A month ago, while discussing a separate Tennessee bill banning gender-affirming care for minors, Republican State Sen. Jack Johnson said that he wanted to “put children first … and let them make those decisions as adults.”
But Johnson is also backing HB1215, which would prohibit Tennessee’s Medicaid program from covering gender-affirming care, shutting off access to trans adults who cannot afford to access private care.
A bill being considered in Florida includes a ban on gender-affirming care for youth, would prevent birth certificates being updated to reflect transition, allows courts to take custody away from a parent who affirms their trans child, and bans both public funds and private insurance being used for gender-affirming care for adults.
Florida is also currently considering Bill SB952, the “Reverse Woke Act,” which would place excessive liability on employers if they cover gender-affirming care.
An Oklahoma bill called HB2177, which passed in the Oklahoma House at the end of February and now is in the Oklahoma Senate, bans facilities that receive public funds from allowing staff or facilities to be used for the provision of gender-affirming care “on any minor or adult.”
This would make it nearly impossible to find a provider, as all hospital systems receive public funds.
Oklahoma already limited access in 2022 when it withheld millions in COVID-19 relief funds from the University of Oklahoma medical system until the system agreed to stop providing gender-affirming care.
Others who've backed similar measures include former U.S. president Donald Trump, who promised in a January video that if he was re-elected, he would punish doctors who provide gender-affirming care to minors and would create “a new credentialing body for teachers” in order to “promote positive education about the nuclear family, the roles of mothers and fathers and celebrating, rather than erasing, the things that make men and women different.”
He also added that he would prohibit any federal agency from “promot(ing) the concept of sex and gender transition at any age” — another sign that the anti-trans crusade is expanding far beyond children.
Eliminating care by severing access is straight out of the anti-abortion playbook, advocates including Topping say.
“What they're doing is saying, ‘OK, fine, you won't let us block, ban it completely, we will just make it incredibly hard to access,’” Topping said. “They've done the same thing when it comes to abortion. And the same through line here is that bodily autonomy.”
TRANS REFUGE
Not every state is looking to limit access to care. Many have also increased protections for trans people, or passed bills or executive orders designating them as “trans refuge” states for families and individuals fleeing anti-trans laws elsewhere.
“We now have a situation in the United States where we have political refugees in our country,” Jones said. “I personally know families that have been planning for a year what they're going to do if a bill passes in their state, I know that there are groups of parents as well who have trans kids who cannot afford to leave their states, who are keeping the identity of their children a secret in order to protect them in various places in the United States where they know that there are authorities who wish to do them harm because of their gender identity.”
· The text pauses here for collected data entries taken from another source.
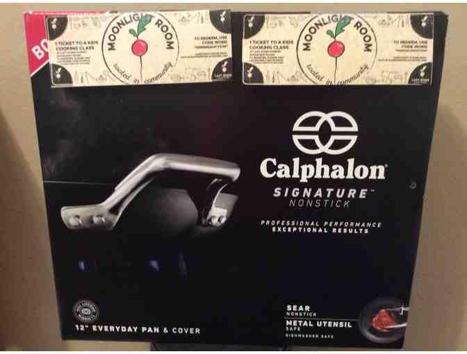 Discover the exceptional results from professional performance with the Calphalon Signature Nonstick 12-Inch Everyday Pan and Lid. Made of a durable Sear nonstick surface, this pan can sear, brown, and sauté while standing up to metal utensils.
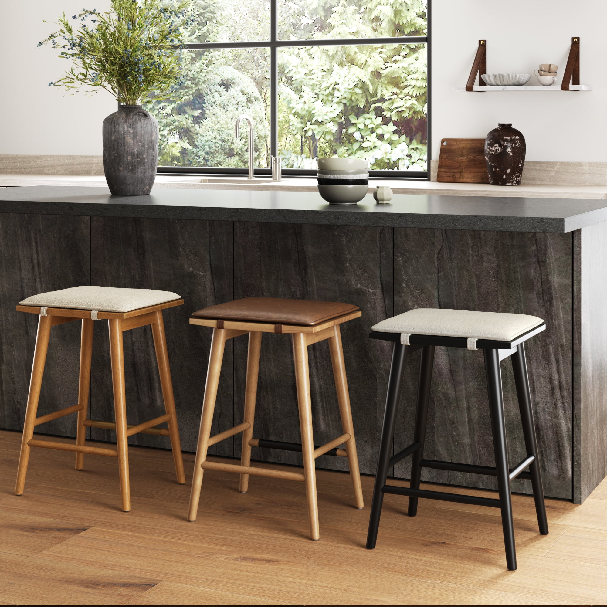 Barker is a classic backless bar stool featuring a padded removable cushion to sit comfortably for hours. The classic mid-century kitchen stool is made of a solid wood frame in brushed finish to match any decor. Ideal 24″ counter-height barstool is perfect to tuck & hide under surfaces such as kitchen islands, work tables, and home bars.
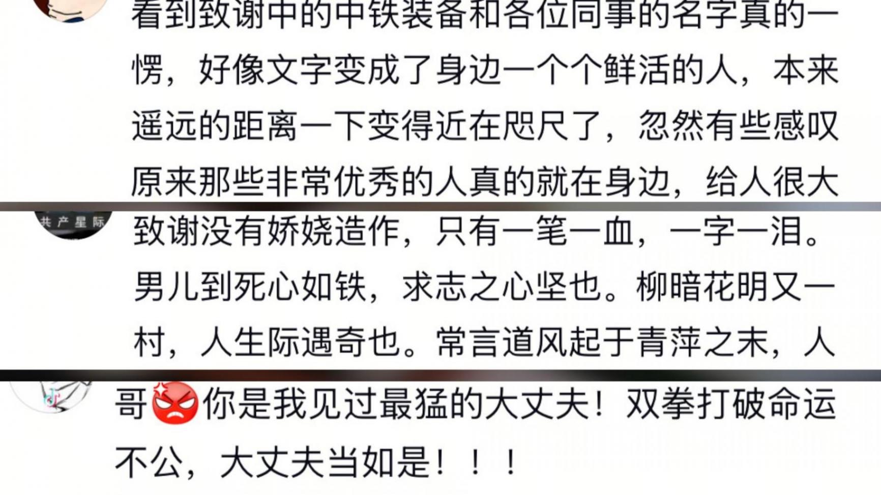 网友纷纷被这篇致谢打动、激励,评价道“一笔一血、一字一泪”、“文字好像变成了身边一个个鲜活的人”,作者也被网友们称为“最猛的大丈夫”。
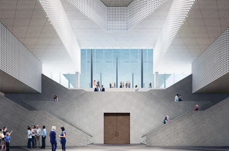 [Right Photos] His Highness Aga Khan IV’s love of architecture is evident in the stunning designs of all seven Ismaili Centers around the world. Seen here are the exterior of the center in Toronto, Canada, and a graphical rendering of the interior of the one in Houston, Texas.
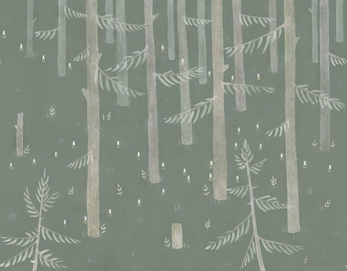 Step into a realm where the soft glimmer of fairy lights dances among serene woods with the twilight trees light mural. This unique green wallpaper invites a mystical forest into your home, casting a gentle illumination that captures the imagination. Envision slender trunks stretching skyward, their branches adorned with delicate bulbs that offer a whisper of light, creating a dreamlike tableau on your walls. Each glance reveals a new detail in this artful merger of nature and enchantment. Perfect for those who seek to infuse their abode with a touch of woodland magic, this mural is more than a simple wall covering it's a portal to a world aglow with whimsy.
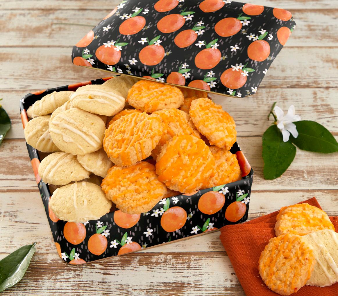 We’ve paired a customer favorite with a great flavor. Our popular sweet yet tangy Orange Cookies are enhanced with a touch of coconut and a drizzle of orange icing. Our Lemon Cookies have added lemon zest to brighten their flavor and a drizzle of icing. Choose Orange, Lemon, or the Combination, all packed in our Orange Delight Gift Tin.
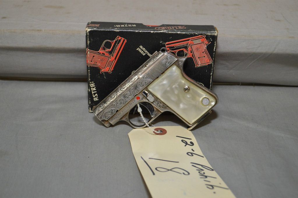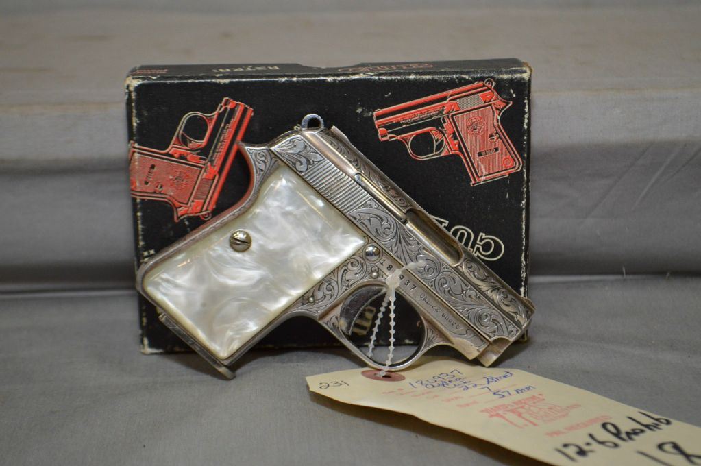 Astra Model Cub .22 Short Cal 7 Shot Semi Auto Pistol w/ 57 mm bbl [ engraved silver or chrome finish, but does have some tarnish so possibly silver, white pearl like plastic grips, in original box ] Ser # 180937 Prohib 12 - 6 Cert # 7139660

U.S. President Joe Biden denounced Florida legislation targeting trans youth as “close to sinful,” and “cruel” in an appearance on the Daily Show last week, and several senates have seen filibusters recently attempting to protest anti-trans health-care bills.
“I don't think most people are supportive of these bills,” Jones said.
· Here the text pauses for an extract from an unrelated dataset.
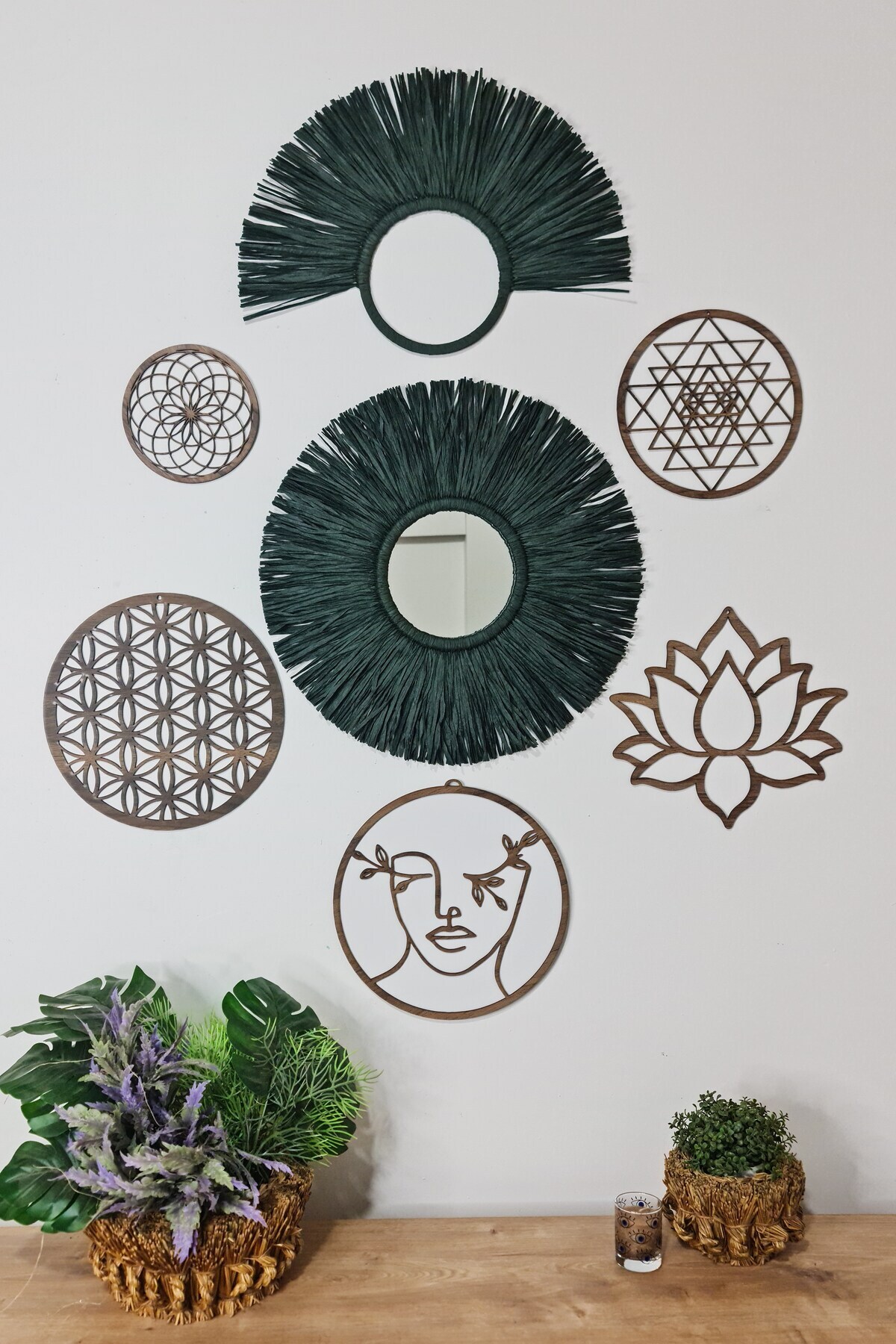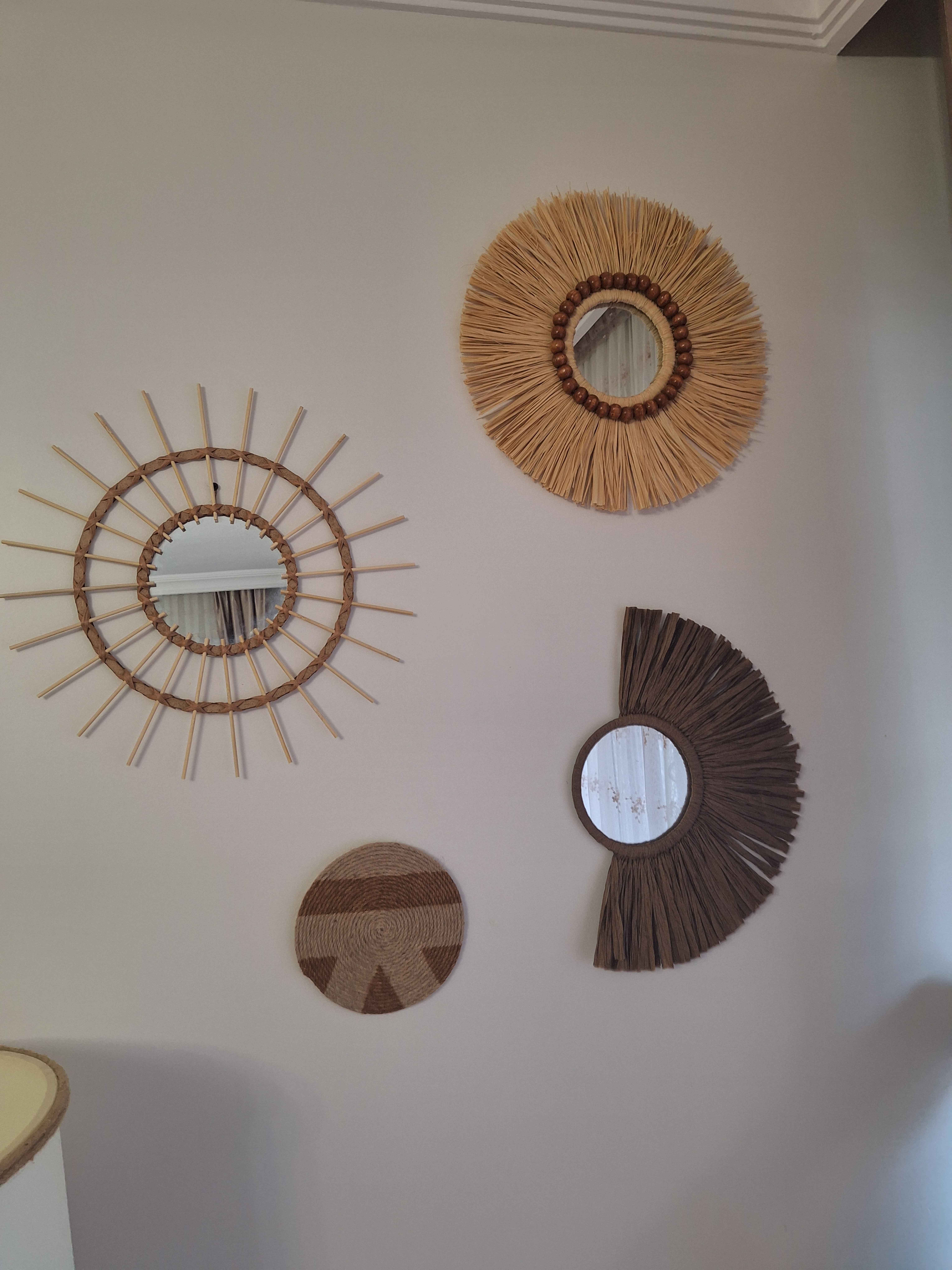 Bohem Duvar Dekoru Aynalı 4'lü Hasır Set Bohem Duvar Dekoru Aynalı 4'lü Hasır Set 086422689098864 تک سایز

Topping agreed, saying she thinks the vast majority of “folks don't want to ban care that will help someone be the best version of themselves.”
Advocates believe that Texas and South Carolina’s bills banning gender-affirming care for those under the age of 26 are unlikely to pass, but that the escalation is far from over.
“Trans folks are going to continue to speak up,” Topping said.
“At the end of the day, trans folks are your family, they’re your friends, they’re your neighbours and co-workers. And folks just need to remember that.”